- _Data extract_:
········
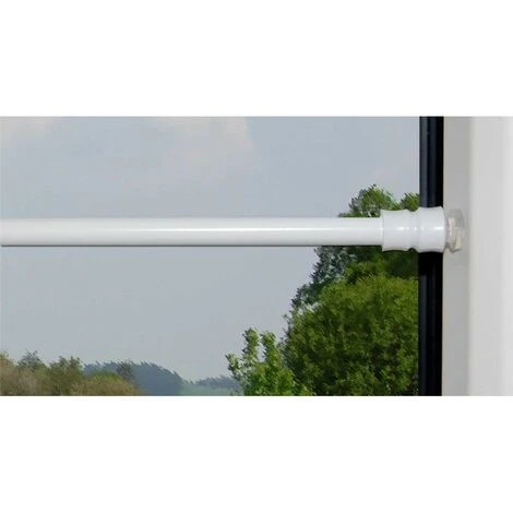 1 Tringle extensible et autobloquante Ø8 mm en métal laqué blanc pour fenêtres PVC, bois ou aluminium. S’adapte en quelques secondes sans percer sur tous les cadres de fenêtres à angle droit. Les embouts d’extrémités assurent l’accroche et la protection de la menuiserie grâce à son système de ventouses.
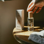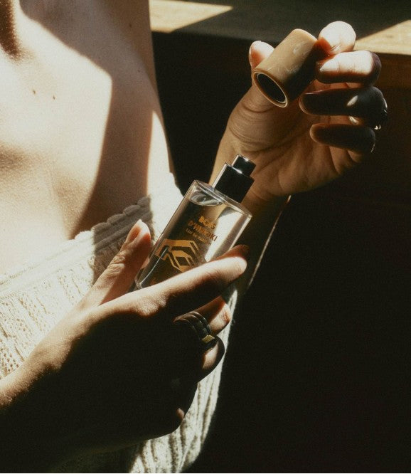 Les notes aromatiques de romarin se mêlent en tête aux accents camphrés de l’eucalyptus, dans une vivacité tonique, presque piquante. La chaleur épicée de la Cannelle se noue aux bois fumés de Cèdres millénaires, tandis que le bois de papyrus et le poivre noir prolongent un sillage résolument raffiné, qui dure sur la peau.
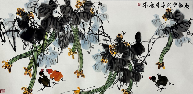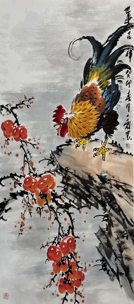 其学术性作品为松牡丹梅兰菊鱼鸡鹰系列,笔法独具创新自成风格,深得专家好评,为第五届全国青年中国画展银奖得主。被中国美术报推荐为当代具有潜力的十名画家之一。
········
- _Task item_: Do not include the images; transcribe the rest of the listing exactly.

- _Problem solution_:
 1 Tringle extensible et autobloquante Ø8 mm en métal laqué blanc pour fenêtres PVC, bois ou aluminium. S’adapte en quelques secondes sans percer sur tous les cadres de fenêtres à angle droit. Les embouts d’extrémités assurent l’accroche et la protection de la menuiserie grâce à son système de ventouses.
 Les notes aromatiques de romarin se mêlent en tête aux accents camphrés de l’eucalyptus, dans une vivacité tonique, presque piquante. La chaleur épicée de la Cannelle se noue aux bois fumés de Cèdres millénaires, tandis que le bois de papyrus et le poivre noir prolongent un sillage résolument raffiné, qui dure sur la peau.
 其学术性作品为松牡丹梅兰菊鱼鸡鹰系列,笔法独具创新自成风格,深得专家好评,为第五届全国青年中国画展银奖得主。被中国美术报推荐为当代具有潜力的十名画家之一。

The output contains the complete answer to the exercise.